3.4. Berdazimer Sodium

Berdazimer sodium is a macromolecule that releases NO upon exposure to a proton donor (Fig. 6). NO, produced by various cells, including keratinocytes, plays a vital role in pathogen defense by functioning as a signaling molecule that enhances the growth and activity of immune cells [92, 93]. At higher concentrations, NO participates in chemical reactions that disrupt pathogen DNA, proteins, and lipids, thereby contributing to their damage and neutralization [92]. In vitro studies have demonstrated that berdazimer sodium inhibits poxvirus replication and reduces the downstream expression of MC160 [94], one of MCV’s immune evasion proteins postulated to decrease NF-κB and IRF-3 activity [5]. This suggests that ber- dazimer sodium may exert direct effects on MCV through protein nitrosylation and NF-κB modulation [94]. However, further research is needed to fully understand the mechanism of action of berdazimer sodium and the complex pathways through which NO modulates the immune system.

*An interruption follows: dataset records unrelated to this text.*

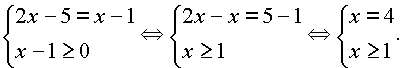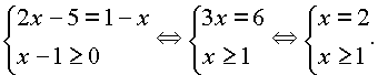 Пример 4. Решить уравнение: |2x-5|=x-1. Решим сначала систему: |
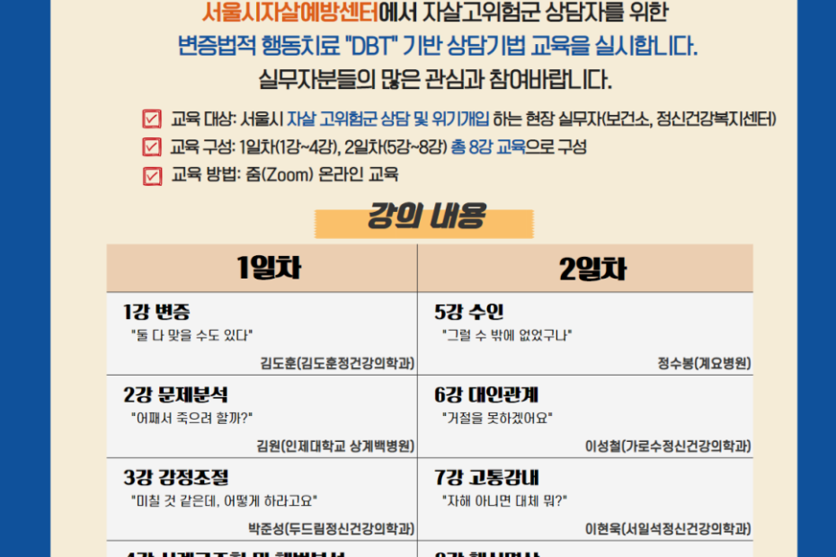 “DBT” 변증법적 행동치료 기반 상담기법 교육
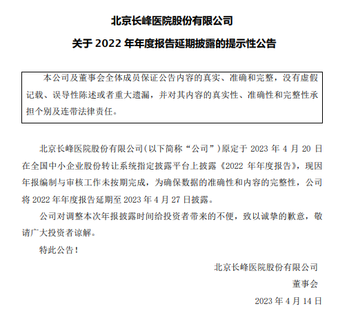 值得注意的是,4月14日,北京长峰医院股份有限公司发布关于2022年年度报告延期披露的提示性公告,因年报编制与审核工作未按期完成,公司将2022年年度报告延期至2023年4月27日披露。

Berdazimer topical gel 10.3% received FDA approval in January 2024 for treating MC in patients aged 1 year and older [95, 96]. This product comprises both a berdazimer sodium gel and a hydrogel, which serves as the proton donor [97]. Patients and their caregivers are instructed to blend equal amounts of the two gels and apply the resulting mixture directly onto MC lesions once daily at home for a duration of up to 12 weeks [95, 96]. Of note, berdazimer topical gel should not be applied on or near mucosal areas [95, 96]. Commonly reported adverse effects include application site reactions characterized by pain, erythema, pruritus, exfoliation, dermatitis, and swelling [95, 96]. Less frequently observed adverse effects include fever, vomiting, upper respiratory tract infection, and application site issues, including erosion, discolo- ration, vesicles, or infection [95, 96].

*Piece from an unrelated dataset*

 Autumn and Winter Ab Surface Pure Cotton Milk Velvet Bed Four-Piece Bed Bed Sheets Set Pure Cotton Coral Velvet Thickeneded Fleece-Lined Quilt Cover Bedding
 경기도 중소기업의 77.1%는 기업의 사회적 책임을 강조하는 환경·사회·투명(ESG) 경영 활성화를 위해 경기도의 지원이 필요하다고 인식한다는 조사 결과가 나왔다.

The berdazimer sodium in molluscum patients with lesions (B-SIMPLE)4 study, a phase III, multicenter, randomized, double-blind trial, assessed the safety and efficacy of berdazimer topical gel, 10.3%, in patients with MC [97]. By week 12, 32% of patients treated with berdazimer topical gel had complete lesion resolution, compared to 20% in the vehicle group [97]. Additionally, 43% of the treatment group experienced a 90% or greater reduction in baseline MC lesions, compared to 24% in the vehicle group [97]. These results were statistically significant and consistent with findings from the preceding B-SIMPLE1 and B-SIMPLE2 phase III trials [97]. The resolution of MC lesions with berdazimer sodium may be attributed to its promotion of BOTE [98]. A systematic review and meta-analysis of the three B-SIMPLE trials and a phase II RCT [99] supported the effectiveness of berdazimer topical gel, demonstrating higher rates of complete lesion clearance and reduced incidence of lesion scarring in patients treated with berdazimer sodium compared to the vehicle [100]. An integrated analysis of the three B-SIMPLE trials further confirmed the statistically favorable efficacy of berdazimer topical gel 10.3% across most subgroups. However, some subgroups, such as Black or African American patients, did not show statistically significant complete clearance rates at week 12, likely due to their limited representation in these trials [101]. This finding reflects the limitations that may impact generalizability of the results. The trials predominantly enrolled white patients and excluded immunocompromised individuals or those with sexually transmitted MC [97]. Furthermore, there has been no investigation into the long-term safety and efficacy beyond the 12-week mark, nor has the effectiveness of berdazimer sodium been compared with other common MC therapies or examined in combination with them [29, 97].